Whenever the count decreases to a value less than ten
  the new value is broadcast on the PA system (so that
  everyone can hear).
Launch may occur when the count reaches 0.

This contract does not describe all of the countdown object's state
transitions. It does not mention the possibility that the count might
increase at all. One cannot do complete reasoning about it. But one
can make some inferences:

No one but on Braun can trigger a launch.
No one will ever be surprised by a launch, everyone will
  have at least ten seconds notice.

Suppose on Braun's programmer has a copy of the source code for the
countdown object and he notices that the count can never increase. Can
he use this fact? No, it would be an error to do so. Someone might
notice after van Braun was written that the range safety officer needs
to be able to cancel a launch, and that many other people need to be
able to delay it. It is legal to rewrite the counter object so that
the countdown can be stopped or incremented, since such an
implementation is not forbidden by the contract.

Nor should the fact that in all the test runs launch occurs after
exactly ten calls to decrement cause on Braun to be surprised on the
day of the launch when launch happens after 127 decrements. Nor should
anyone be surprised when launch occurs 15 seconds after the PA system
announces "count = 30" (the count might not have really been 30 or on
Braun may have decremented 20 times in five seconds then once per
second for 10 seconds). But if launch occurs without the numbers 1-9
being announced then the countdown object is broken.

> That's just great.  Now von Braun doesn't know what might happen.  If the
> count can start negative, he can't use it for his launches.  How many other
> possibilities must he worry about?  Can it decrement by 7 at random?  Can
> the value turn into a floating point number?  A string?   Why not?  Nobody
> said it couldn't happen.  I don't think I'd like writing programs under such
> conditions.

You (I think it was you, I might have lost track) wrote the contract
not me.

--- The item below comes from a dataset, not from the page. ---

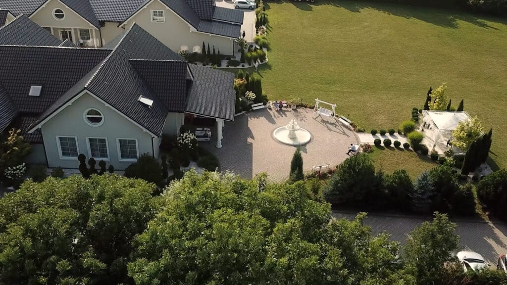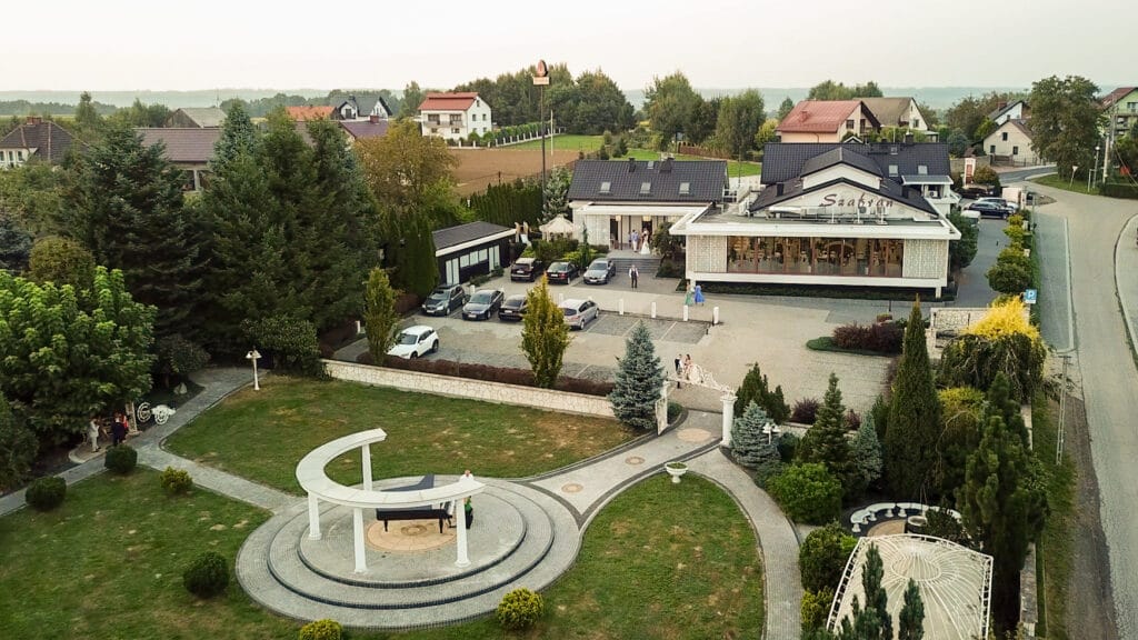Sala weselna na przedmieściach lub gdzieś po prostu na wsi, najczęściej ma do zaoferowania atrakcyjne miejsca w okół sali. Poza atrakcjami przygotowanymi tam na gości, jest to super miejsce również dla mnie i Pary Młodej. Możemy tam wyskoczyć na chwilę i zrobić trochę ujęć filmowych lub zdjęć. Dobrze jest przypilnować momentu, kiedy słońce będzie zachodzić. Wtedy jest szansa na naprawdę piękne, naturalne światło.

To prove a system correct (which is what I assume you would
like to do by "reasoning about objects", you must prove that each
object (or facet) fulfills its contract assuming all objects or facets
it uses fulfill theirs, and that the system meets its specification if
all its objects fulfill their contracts.

> > > Of course, this is all off the point, which is to answer
> > the following
> > > question.  If object is state plus (externally visible)
> > behavior, can I
> > > reason about a facet as an object?  My contention is that I
> > can't because
> > > I'm missing information about the legal state transitions.
> >
> > You can still reason about an object who's contract does not
> > completely determine its visible behavior. The results of your
> > reasoning will just be weaker, that's all. People reason about things
> > without complete descriptions all the time (literally).
> 
> Yes, I can reason about the object, but incompletely.  It is exactly the
> incompleteness of the view of the object presented by a facet that leads me
> to believe that I can't reason about the facet as an object.  It is this
> imprecision that leads to software failures (people failures, too).  Failing
> to specify my units may cause my spacecraft to miss Mars.  Relying on a
> poorly worded contract may lead to a law suit.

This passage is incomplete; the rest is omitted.